■ Dataset excerpt
= = =

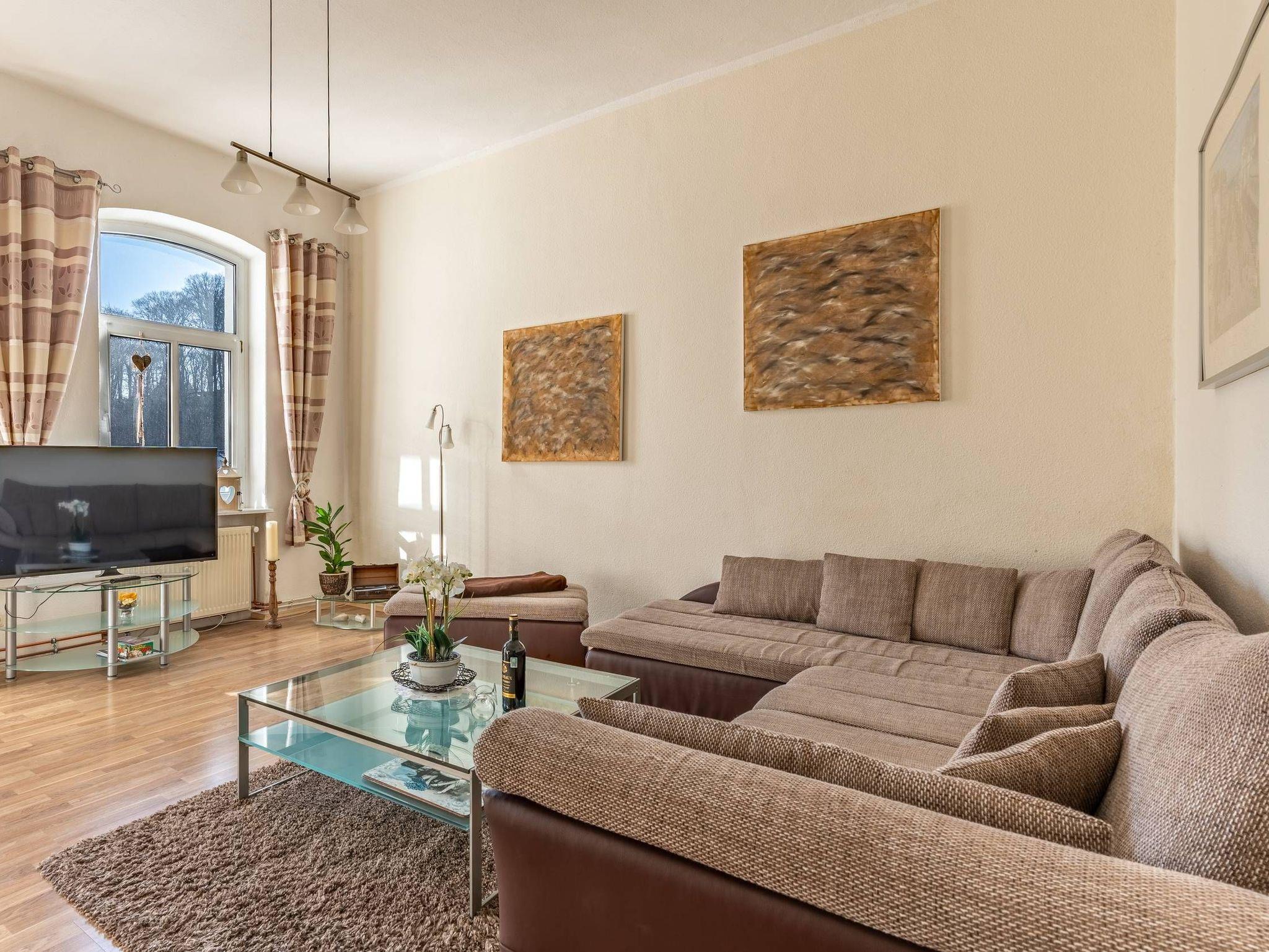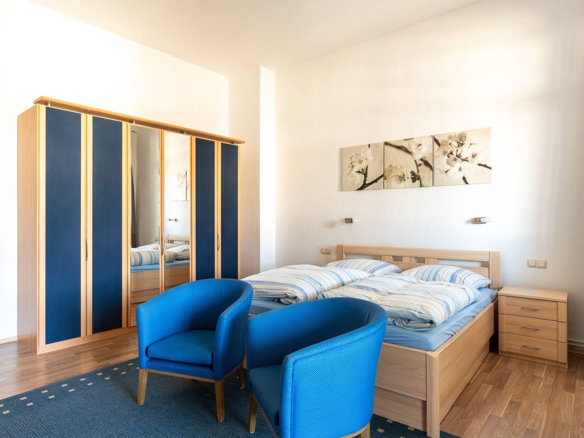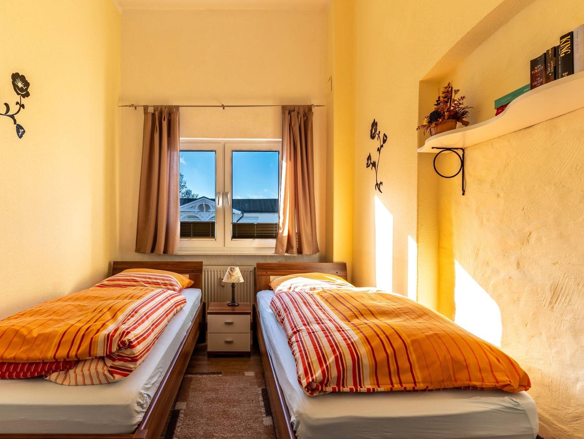 Die Wohnung 5 befindet sich im Haupthaus der Villa Seiler im zweiten Stock und hat eine Größe von ca. 80 qm. Sie ist komplett eingerichtet und bietet Platz für 4 Personen. Eine weitere Person (bis 14 Jahre) könnte auch auf der Couch im Wohnbereich übernachten (keine Schlafcouch).
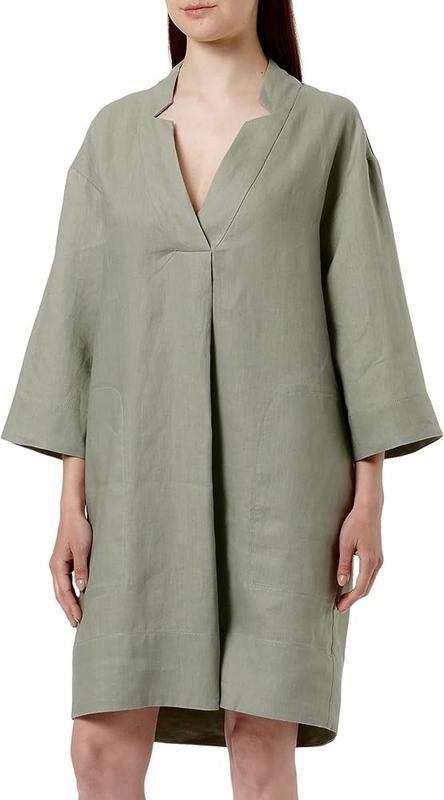 Сукня крою кафтан відомого бренду noa noa 💥 Цупкий міцний 💯 flax льон!😍 шикарно тримає форму! Досить щільний За рахунок чого сукня доволі не тонка, підійде на ранню осінь Гарний відтінок чи то шафлія чи то хакі 🤔, але в будь якому випадку- цікавий і можна р універсальний в плані комбінування Сукня нова Фасон релакс-релакс 👌 Є кишені по обидва боки Рукав широкий, вкорочений Розмір М /Л плюс Довжина 104 ПоГ 64 Рукав від горловини 68
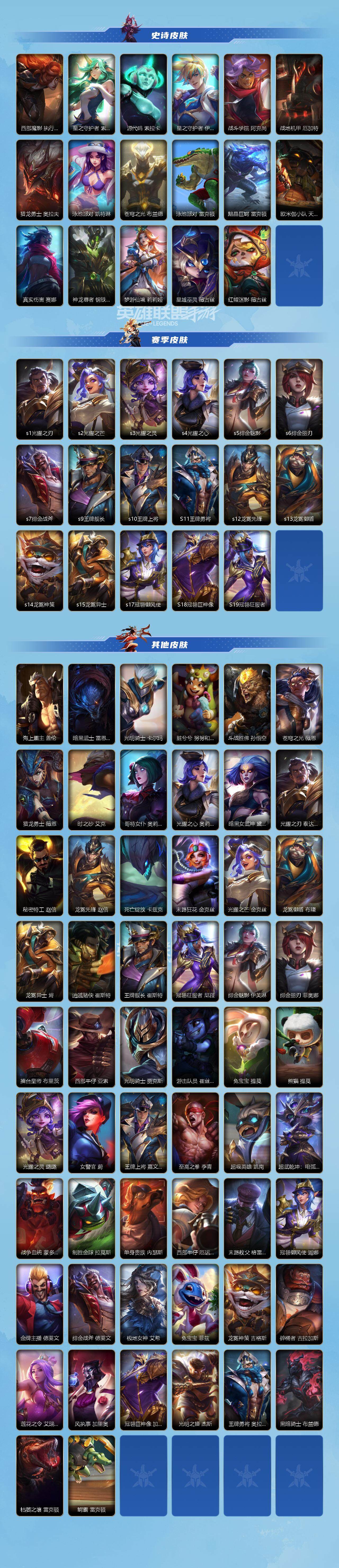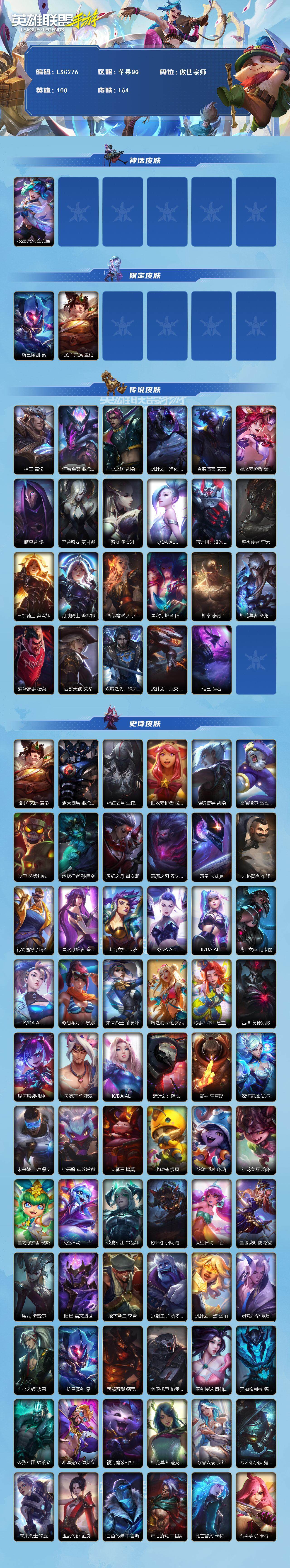 【lsc276】100英雄/164皮肤/2神话/23传说/83史诗/傲世宗师/夜星流火 金克丝/斩星魔剑 易/张辽 文远 盖伦/神王 盖伦/海魔至尊 亚托克斯/心之钢 凯隐/源计划:净化 薇恩/真实伤害 艾克/星之守护者 金克丝/暗星尊 烬/至尊魔女 莫甘娜/魔女 伊芙琳/k/da all out 萨勒芬妮/源计划:超体 莫德凯撒/黑夜使者 亚索/日蚀骑士 蕾欧娜/月蚀骑士 蕾欧娜/西部魔影 大小姐 蕾欧娜/星之守护者 陨 洛/神拳 李青/神龙尊者 圣龙 李青/灌篮高手 德莱厄斯/西部天使 艾希/双城之战:殊途 杰斯/源计划:泯灭 雷克顿/暗星 锤石/霸天剑魔 亚托克斯/腥红之月 亚托克斯/睡衣守护者 拉克丝/摄魂猎手 凯隐/雷喵喵尔 雷恩加尔/丧尸 努努和威朗普/地狱行者 孙悟空/腥红之月 黛安娜/恶魔之刃 泰达米尔/暗星 卡兹克/末路管家 布隆/礼物选好了吗? 布隆/星之守护者 辛德拉/电玩女神 卡莎/k/da all out 卡莎/k/da all out 伊芙琳/铁血女忍 阿卡丽/k/da all out 阿卡丽/泳池派对 菲奥娜/未来战士 菲奥娜/海之歌 萨勒芬妮/歌手?不!是主唱! 萨勒芬妮/古神 莫德凯撒/银河魔装机神 安妮/灵魂莲华 亚索/k/da all out 阿狸/源计划:阴 劫/武神 贾克斯/深海奇域 凯尔/未来战士 卢锡安/小恶魔 崔丝塔娜/大魔王 提莫/小蜜蜂 提莫/泳池派对 璐璐/驯龙女巫 璐璐/星之守护者 璐璐/太空律动 “节奏幻师” 璐璐/破败军团 希瓦娜/欧米伽小队 毒针狙击手 图奇/太空律动 “百万调音” 格温/星域裁断使 格温/魔女 卡蜜尔/暗星 嘉文四世/地下拳王 李青/冰封王子 蒙多医生/源计划:燃 泽丽/灵魂莲华 永恩/心之钢 永恩/西部魔影 德莱厄斯/禁卫机甲 格雷福斯/玉剑传说 风仙子 迦娜/灵魂收割者 德莱文/破败军团 德莱文/斗魂无双 德莱文/银河魔装机神 纳尔/神龙尊者 苍龙 艾希/水晶玫瑰 艾希/欧米伽小队 鬼影蛙人 菲兹/未来战士 锐雯/玉剑传说 武剑仙 锐雯/白色死神 韦鲁斯/满弓镇魂 韦鲁斯/死亡誓约 卡特琳娜/战斗学院 卡特琳娜/西部魔影 执行人 卡特琳娜/星之守护者 索拉卡/源代码 索拉卡/星之守护者 伊泽瑞尔/战斗学院 阿克尚/战地机甲 厄加特/猎龙勇士 奥拉夫/泳池派对 凯特琳/苍穹之光 布兰德/泳池派对 雷克顿/黯晶巨鳄 雷克顿/欧米伽小队 天雷爆破手 维迦/真实伤害 赛娜/神龙尊者 钢铁之龙 锤石/梦游仙境 莉莉娅/星域巫灵 薇古丝/红帽迷影 薇古丝/s1光耀之刃/s2光耀之芒/s3光耀之灵/s4光耀之心/s5绯金魅影/s6绯金丽刃/s7绯金战斧/s9王牌舰长/s10王牌上将/s11王牌勇将/s12龙冕先锋/s13龙冕御盾/s14龙冕神策/s15龙冕异士/s17冠翎御风使/s18冠翎巨神像/s19冠翎征服者/海上霸主 盖伦/暗黑武士 雷恩加尔/光明骑士 卡尔玛/脏兮兮 努努和威朗普/斗战胜佛 孙悟空/苍穹之光 薇恩/猎龙勇士 薇恩/时之砂 艾克/哥特女仆 奥莉安娜/光耀之心 奥莉安娜/暗黑女武神 黛安娜/光耀之刃 泰达米尔/秘密特工 赵信/龙冕先锋 赵信/死亡绽放 卡兹克/末路狂花 金克丝/光耀之芒 金克丝/龙冕御盾 布隆/龙冕异士 烬/赌侠 崔斯特/王牌舰长 崔斯特/冠翎征服者 尼菈/绯金魅影 伊芙琳/绯金丽刃 菲奥娜/擂台皇帝 布里茨/西部牛仔 亚索/光明骑士 贾克斯/游击队员 崔丝塔娜/兔宝宝 提莫/熊猫 提莫/光耀之灵 璐璐/女警官 蔚/王牌上将 嘉文四世/至高之拳 李青/超级英雄 凯南/超武乾坤:电弧 凯南/战争血统 蒙多医生/制胜金球 拉莫斯/单身贵族 内瑟斯/西部牛仔 厄运小姐/末路教父 格雷福斯/冠翎御风使 迦娜/金牌主播 德莱文/绯金战斧 德莱文/极地女神 艾希/兔宝宝 菲兹/龙冕神策 吉格斯/碎桶者 古拉加斯/莲花之令 艾瑞莉娅/风执事 加里奥/冠翎巨神像 加里奥/光明之锤 杰斯/王牌勇将 奥拉夫/黑暗骑士 布兰德/枯萎之壤 雷克顿/鳄霸 雷克顿

= = =

■ Your assignment
Copy the data word for word and omit every picture.

■ Expected answer
 Die Wohnung 5 befindet sich im Haupthaus der Villa Seiler im zweiten Stock und hat eine Größe von ca. 80 qm. Sie ist komplett eingerichtet und bietet Platz für 4 Personen. Eine weitere Person (bis 14 Jahre) könnte auch auf der Couch im Wohnbereich übernachten (keine Schlafcouch).
 Сукня крою кафтан відомого бренду noa noa 💥 Цупкий міцний 💯 flax льон!😍 шикарно тримає форму! Досить щільний За рахунок чого сукня доволі не тонка, підійде на ранню осінь Гарний відтінок чи то шафлія чи то хакі 🤔, але в будь якому випадку- цікавий і можна р універсальний в плані комбінування Сукня нова Фасон релакс-релакс 👌 Є кишені по обидва боки Рукав широкий, вкорочений Розмір М /Л плюс Довжина 104 ПоГ 64 Рукав від горловини 68
 【lsc276】100英雄/164皮肤/2神话/23传说/83史诗/傲世宗师/夜星流火 金克丝/斩星魔剑 易/张辽 文远 盖伦/神王 盖伦/海魔至尊 亚托克斯/心之钢 凯隐/源计划:净化 薇恩/真实伤害 艾克/星之守护者 金克丝/暗星尊 烬/至尊魔女 莫甘娜/魔女 伊芙琳/k/da all out 萨勒芬妮/源计划:超体 莫德凯撒/黑夜使者 亚索/日蚀骑士 蕾欧娜/月蚀骑士 蕾欧娜/西部魔影 大小姐 蕾欧娜/星之守护者 陨 洛/神拳 李青/神龙尊者 圣龙 李青/灌篮高手 德莱厄斯/西部天使 艾希/双城之战:殊途 杰斯/源计划:泯灭 雷克顿/暗星 锤石/霸天剑魔 亚托克斯/腥红之月 亚托克斯/睡衣守护者 拉克丝/摄魂猎手 凯隐/雷喵喵尔 雷恩加尔/丧尸 努努和威朗普/地狱行者 孙悟空/腥红之月 黛安娜/恶魔之刃 泰达米尔/暗星 卡兹克/末路管家 布隆/礼物选好了吗? 布隆/星之守护者 辛德拉/电玩女神 卡莎/k/da all out 卡莎/k/da all out 伊芙琳/铁血女忍 阿卡丽/k/da all out 阿卡丽/泳池派对 菲奥娜/未来战士 菲奥娜/海之歌 萨勒芬妮/歌手?不!是主唱! 萨勒芬妮/古神 莫德凯撒/银河魔装机神 安妮/灵魂莲华 亚索/k/da all out 阿狸/源计划:阴 劫/武神 贾克斯/深海奇域 凯尔/未来战士 卢锡安/小恶魔 崔丝塔娜/大魔王 提莫/小蜜蜂 提莫/泳池派对 璐璐/驯龙女巫 璐璐/星之守护者 璐璐/太空律动 “节奏幻师” 璐璐/破败军团 希瓦娜/欧米伽小队 毒针狙击手 图奇/太空律动 “百万调音” 格温/星域裁断使 格温/魔女 卡蜜尔/暗星 嘉文四世/地下拳王 李青/冰封王子 蒙多医生/源计划:燃 泽丽/灵魂莲华 永恩/心之钢 永恩/西部魔影 德莱厄斯/禁卫机甲 格雷福斯/玉剑传说 风仙子 迦娜/灵魂收割者 德莱文/破败军团 德莱文/斗魂无双 德莱文/银河魔装机神 纳尔/神龙尊者 苍龙 艾希/水晶玫瑰 艾希/欧米伽小队 鬼影蛙人 菲兹/未来战士 锐雯/玉剑传说 武剑仙 锐雯/白色死神 韦鲁斯/满弓镇魂 韦鲁斯/死亡誓约 卡特琳娜/战斗学院 卡特琳娜/西部魔影 执行人 卡特琳娜/星之守护者 索拉卡/源代码 索拉卡/星之守护者 伊泽瑞尔/战斗学院 阿克尚/战地机甲 厄加特/猎龙勇士 奥拉夫/泳池派对 凯特琳/苍穹之光 布兰德/泳池派对 雷克顿/黯晶巨鳄 雷克顿/欧米伽小队 天雷爆破手 维迦/真实伤害 赛娜/神龙尊者 钢铁之龙 锤石/梦游仙境 莉莉娅/星域巫灵 薇古丝/红帽迷影 薇古丝/s1光耀之刃/s2光耀之芒/s3光耀之灵/s4光耀之心/s5绯金魅影/s6绯金丽刃/s7绯金战斧/s9王牌舰长/s10王牌上将/s11王牌勇将/s12龙冕先锋/s13龙冕御盾/s14龙冕神策/s15龙冕异士/s17冠翎御风使/s18冠翎巨神像/s19冠翎征服者/海上霸主 盖伦/暗黑武士 雷恩加尔/光明骑士 卡尔玛/脏兮兮 努努和威朗普/斗战胜佛 孙悟空/苍穹之光 薇恩/猎龙勇士 薇恩/时之砂 艾克/哥特女仆 奥莉安娜/光耀之心 奥莉安娜/暗黑女武神 黛安娜/光耀之刃 泰达米尔/秘密特工 赵信/龙冕先锋 赵信/死亡绽放 卡兹克/末路狂花 金克丝/光耀之芒 金克丝/龙冕御盾 布隆/龙冕异士 烬/赌侠 崔斯特/王牌舰长 崔斯特/冠翎征服者 尼菈/绯金魅影 伊芙琳/绯金丽刃 菲奥娜/擂台皇帝 布里茨/西部牛仔 亚索/光明骑士 贾克斯/游击队员 崔丝塔娜/兔宝宝 提莫/熊猫 提莫/光耀之灵 璐璐/女警官 蔚/王牌上将 嘉文四世/至高之拳 李青/超级英雄 凯南/超武乾坤:电弧 凯南/战争血统 蒙多医生/制胜金球 拉莫斯/单身贵族 内瑟斯/西部牛仔 厄运小姐/末路教父 格雷福斯/冠翎御风使 迦娜/金牌主播 德莱文/绯金战斧 德莱文/极地女神 艾希/兔宝宝 菲兹/龙冕神策 吉格斯/碎桶者 古拉加斯/莲花之令 艾瑞莉娅/风执事 加里奥/冠翎巨神像 加里奥/光明之锤 杰斯/王牌勇将 奥拉夫/黑暗骑士 布兰德/枯萎之壤 雷克顿/鳄霸 雷克顿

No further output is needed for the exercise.